The Hidden Cost of Volume
Every load of municipal solid waste comes with a challenge: space. Long before hitting weight limits, trailers and railcars reach capacity on volume, forcing operators to pay for transporting air. This inefficiency increases costs, boosts CO₂ emissions, creates bottlenecks at transfer stations, and accelerates landfill depletion.

One solution? Shredding waste directly on-site at the transfer station before it’s transported to the landfill. But doing so places heavy demands on the shredder’s mobility, durability, and versatility.
A Shredder Built to Move Waste — and the Numbers
M&J Superior Recycling Technology offers a waste shredder engineered for exactly that challenge: The M&J 4000M mobile pre-shredder. This heavy-duty industrial shredder combines mobility with high performance.

Its aggressive, hard-steel knives are welded to the shaft for maximum durability, while an open cutting table allows debris to fall through, preventing blockages. The twin-shaft, asynchronous cutting system attacks material from multiple angles, minimizing bridging and keeping output flow consistent. An anti-jam system ensures continuous operation — even with difficult waste streams — enabling throughput of up to 80 tons per hour.
And when it needs to move, the M&J 4000M can traverse virtually any site, whether on tracks or mounted on a trailer.
Lower Costs, Smaller Footprint
With the M&J 4000M in place, transfer stations can boost waste density from roughly 400 to 600 pounds per cubic yard. This can reduce daily landfill use by nearly 700 cubic yards and extend landfill life by more than six years.
At the same time, railcar payloads increase from 60 to 75 tons — a 25% improvement — meaning fewer trips and less wear on transport equipment. For one operator, that meant eliminating over 300 railcars per year, saving approximately $1.95 million annually.

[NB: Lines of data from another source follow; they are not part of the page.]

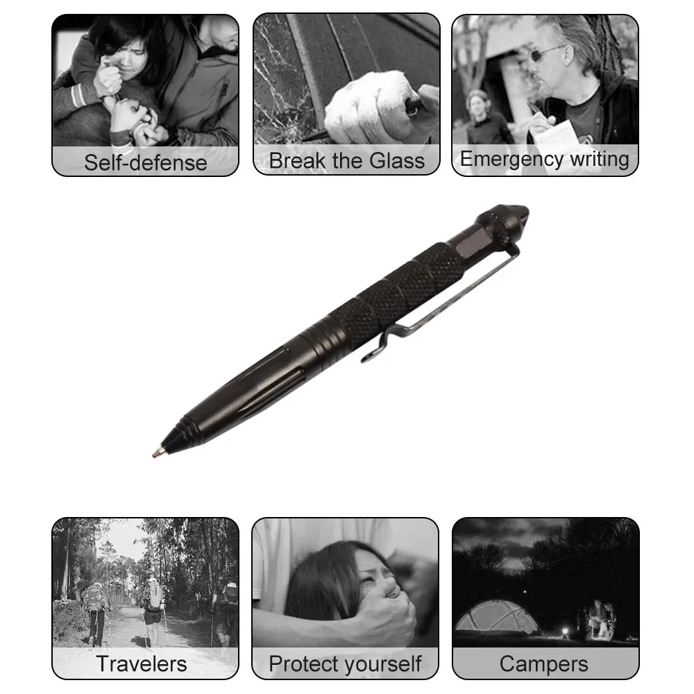 Это тактическая ручка для самозащиты с множеством функций. Поверхность держателя ручки анодирована для повышения сопротивления давлению держателя ручки. Используйте сверхпрочный антикоррозийный авиационный алюминий и встроенную высококачественную металлическую ручку. Его можно использовать для самообороны, разбивания стекла, разбивания окон для выживания. Это также практичный и функциональный инструмент с Заточенной ромбовидной головкой, аварийной записью, ежедневной подписью, легко носить с собой и удобно использовать. Теперь Держите эту ручку с собой и чувствуйте себя в безопасности!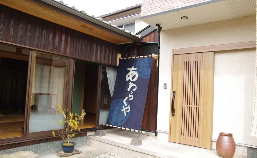 2022年3月10日、助成制度に応募し「藍のれん」を掲げた吉野川市川島町の『民宿あわらくや』。大谷焼や遊山箱など徳島らしさを取り入れた宿の新しい「顔」として、藍のれんがお客様のお出迎えしています。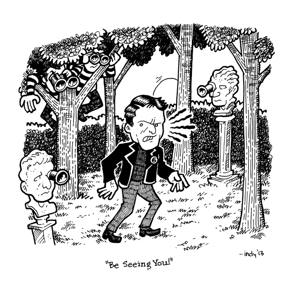 #IF: Surveillance by indigo on June 26, 2013 and modified on March 18, 2021. Posted In: Blog, Fan Art & Sketchcards, Illustration Friday, Illustrations “Be Seeing You!” 2013, 6×6″ pen & ink on bristol. Self-promotional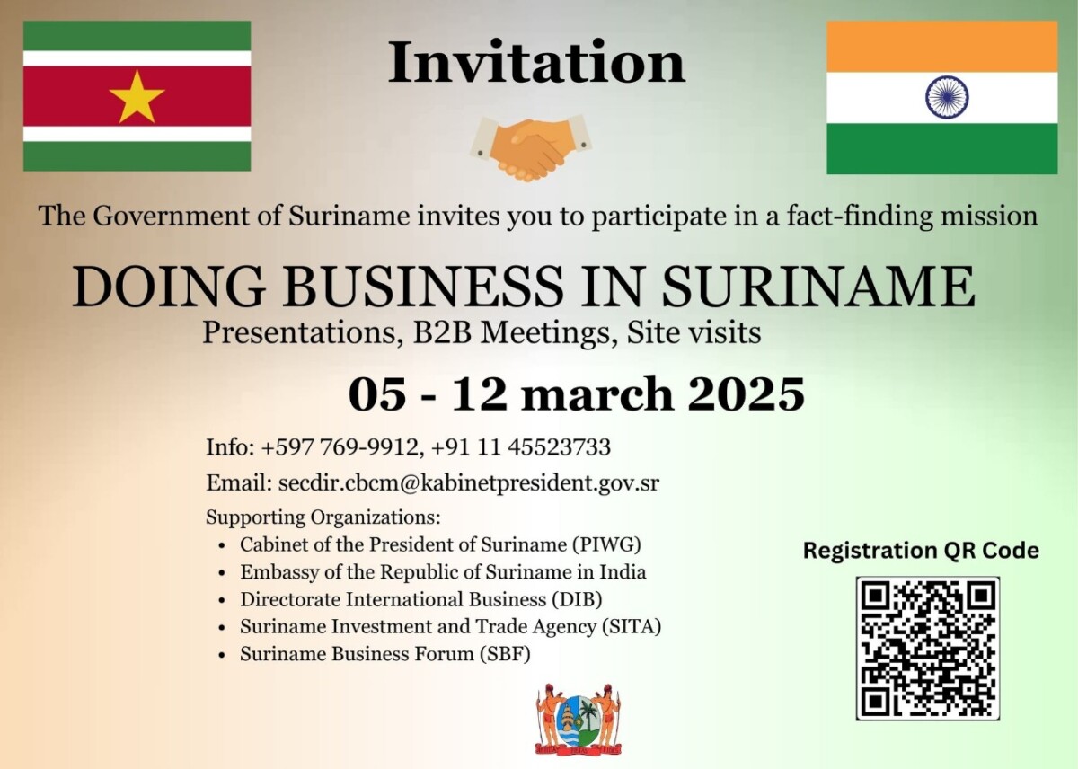 Een Indiase ondernemersdelegatie brengt van 5 tot 12 maart een fact-finding missie naar Suriname om samenwerking te verkennen in sectoren zoals landbouw, infrastructuur, gezondheid en olie.

The shredder meets strict emission standards in both Europe and the U.S., and its energy-efficient design further reduces operational impact. Its mobility also shortens haul distances, lowers fuel use, and improves site logistics — all while shrinking the carbon footprint.
An Intelligent Way Forward
The story of the M&J 4000M isn’t just about one machine. It’s about rethinking the economics of waste management. Instead of treating excess volume as an unavoidable cost, operators can turn it into a competitive advantage.
With environmental pressures mounting and landfill space dwindling, volume reduction is no longer just a technical upgrade — it’s a strategic necessity. And in this case, it delivers measurable financial, operational, and environmental returns.